Даже сейчас, на допросе, вспоминая о 1914 годе, он, не замечая иронического взгляда Попова, говорит: «На «Рюрике», в штабе нашего флота, был громадный подъем, и известие о войне было встречено с громадным энтузиазмом и радостью. Офицеры и команда все с восторгом работали, и вообще начало войны было одним из самых счастливых и лучших дней моей службы».

Член комиссии, сидевший рядом с Поповым, сказал:

- Мы подошли к той части вашей деятельности, которая носит не только профессиональный и технический характер, но и политический. В связи с этим комиссия считает необходимым поставить вам вопрос о ваших политических взглядах в молодости, в зрелом возрасте и теперь, а также о политических взглядах вашей семьи.
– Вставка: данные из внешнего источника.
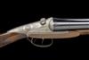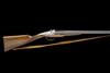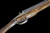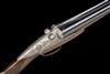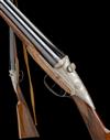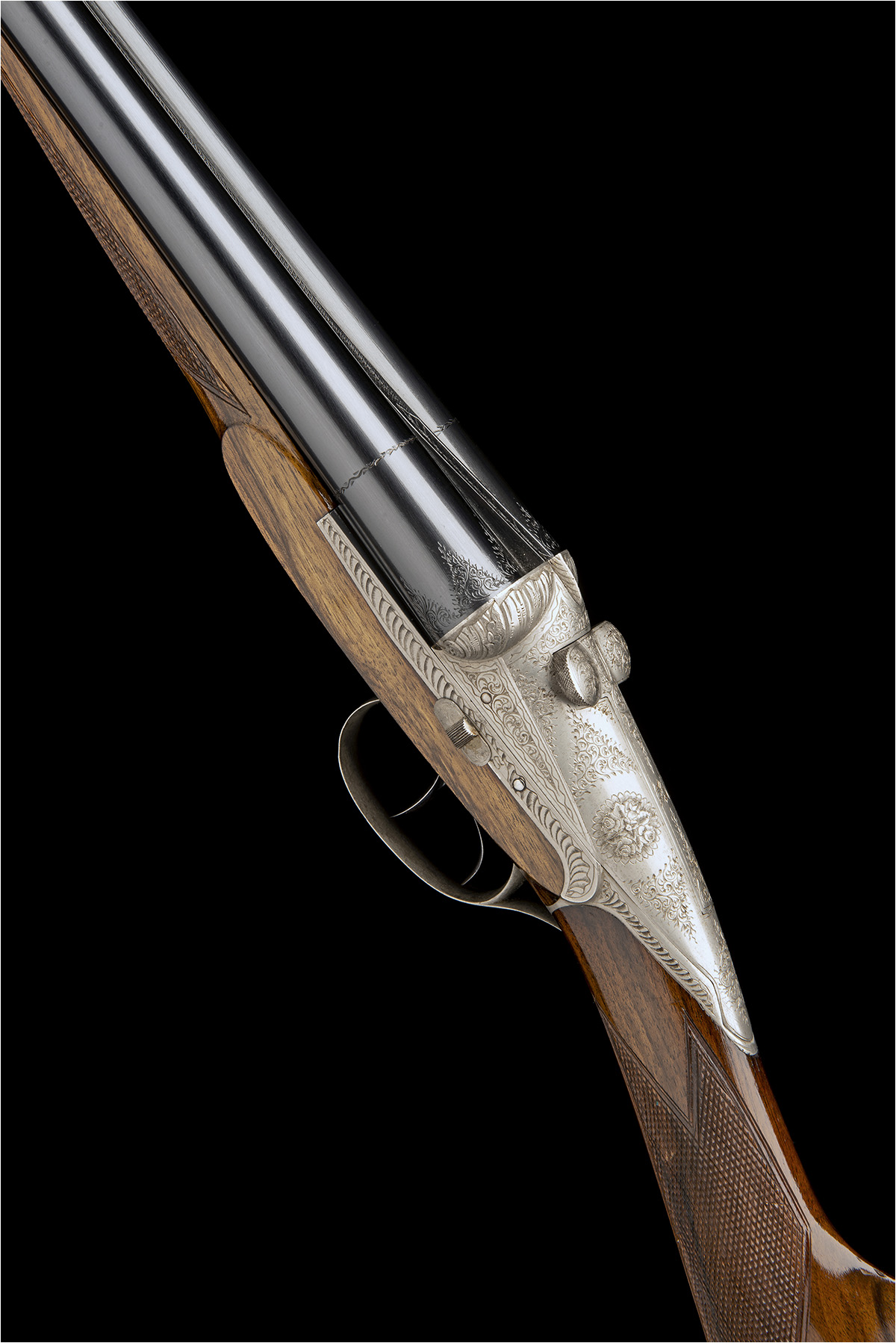 27 5/8in. (70cm) nitro monobloc barrels with sunken matt top rib and no under rib, scroll engraving at the breech end, 7 punch marks, 2 1/2in. chambers, bored approx. 1/4 and 3/4 choke, sprung sliding-breech with converging obturator discs, button barrel release, manual side safety, bouquet and scroll engraving with carved leaf fences, bright finish overall, 14 3/4in. stock including trademarked buttplate, sling swivels, fore-part with horn finial, weight 6lb.
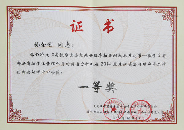 近日,在黑龙江省教育厅学生处组织的全省高校辅导员工作创新论坛论文评比中,学院推荐的公共卫生学院辅导办主任孙荣利的论文《高校学生违纪处分程序相关问题及其对策——基于S省部分高校学生管理人员的调查分析》荣获一等奖,创下了学院在该类评比中的最好成绩。此次活动共评选出一等奖10名,二等奖20名,三等奖27名。
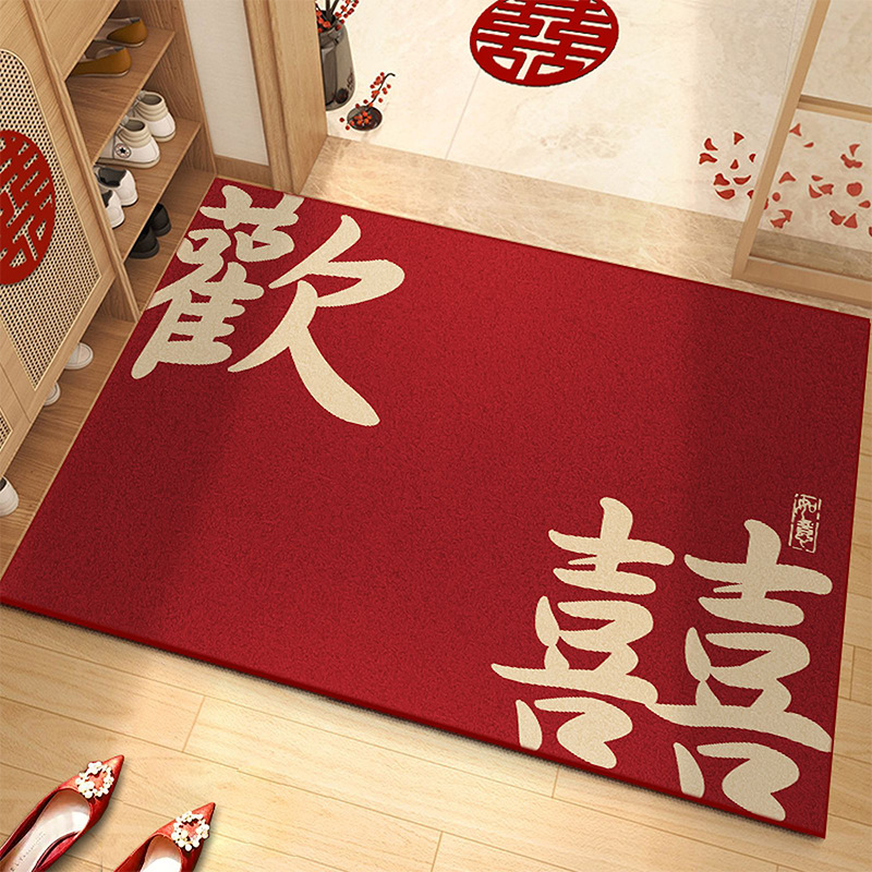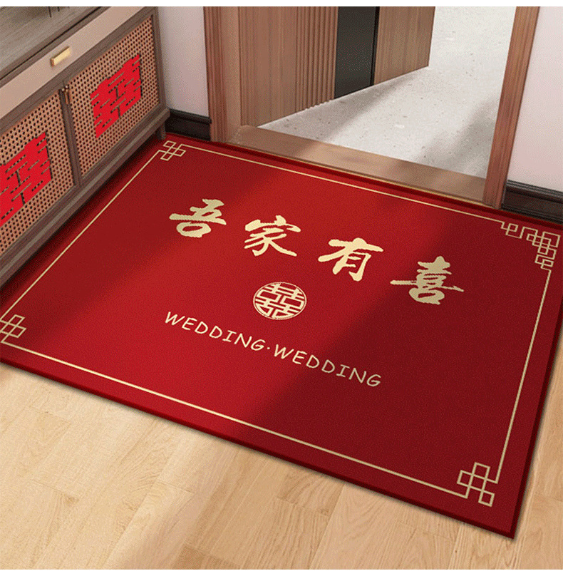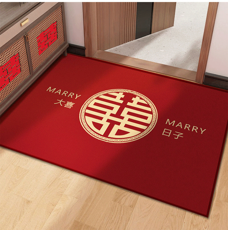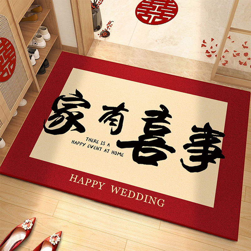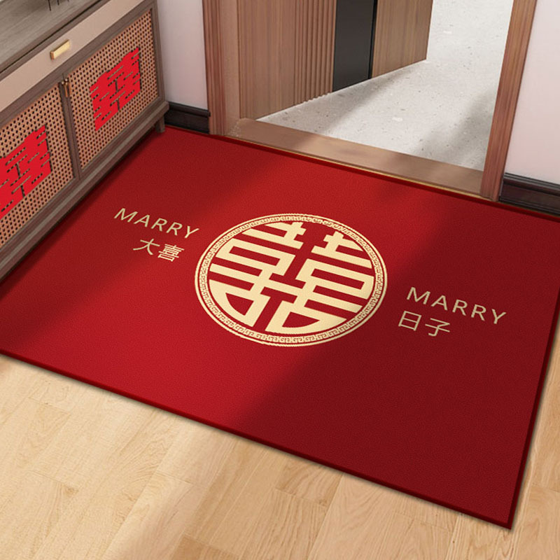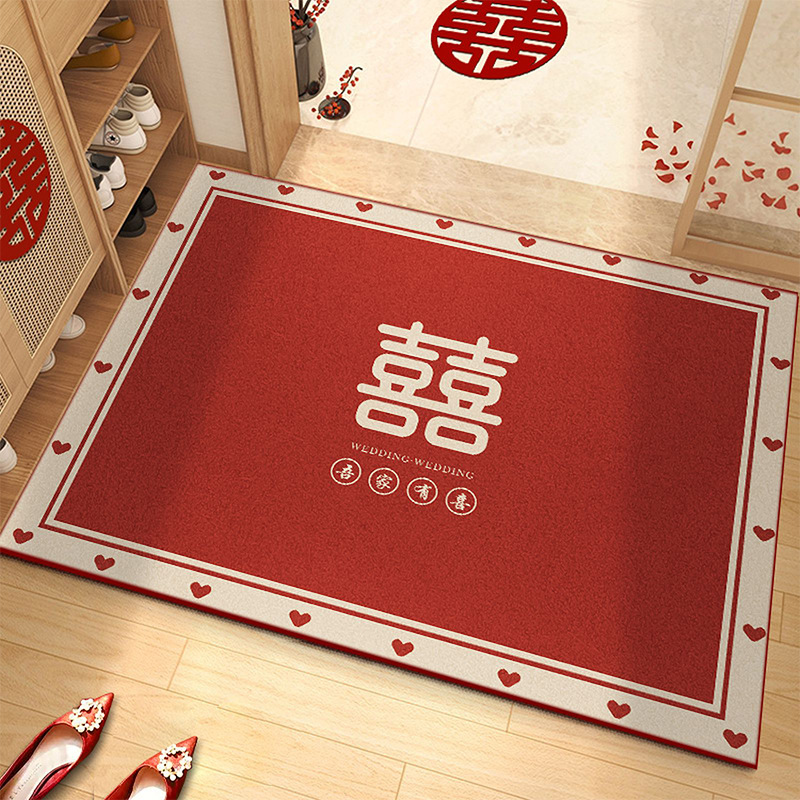 행복한 단어 레드 카펫 문 매트 TPR 벨기에 벨벳 웨딩 매트 새로운 웨딩 카펫 침실 매트

Колчак задумывается, обводит взглядом сидящих за столом.

- Моя семья была чисто военного характера и военного направления… - медленно говорит он. - Большинство знакомых, с которыми я встречался, были люди военные… О вопросах политического и социального порядка, сколько я припоминаю, у меня вообще никаких воспоминаний не осталось. В моей семье этими вопросами никто не интересовался и не занимался…

Новый вопрос. Его задает член комиссии, правый эсер Алексеевский. Вопрос относится к числу тех, которые в юриспруденции именуются «наводящими». Задавать такие вопросы не рекомендуется, и юрист Алексеевский это знает. Но Алексеевский не может примириться с тем, что бывший военный и морской министр эсеровской Директории, который вел легионы против узурпаторов власти - большевиков, столь откровенно признается в отсутствии всякой политической платформы.
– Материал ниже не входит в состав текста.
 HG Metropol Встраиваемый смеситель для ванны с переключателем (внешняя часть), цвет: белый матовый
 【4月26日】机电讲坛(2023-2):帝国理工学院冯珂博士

- Скажите, адмирал, - говорит Алексеевский, - в 1904 - 1905 годах, когда вы участвовали в русско-японской войне, вы, как человек, хорошо знающий морское дело, изучивший в деталях и на практике постановку его в России, не могли не видеть, что наши морские неудачи определялись политическими обстоятельствами… Вы тогда не пришли к выводу, что необходимы политические перемены во что бы то ни стало, хотя бы даже и путем борьбы?

- Я считал необходимым уничтожение должности генерал-адмирала, и это совершилось как результат войны. Я считал это безусловно необходимым, - говорит Колчак, - но главную причину я видел в постановке военного дела у нас во флоте… Если бы это дело было поставлено как следует, то при каком угодно политическом строе вооруженную силу создать можно, и она могла бы действовать.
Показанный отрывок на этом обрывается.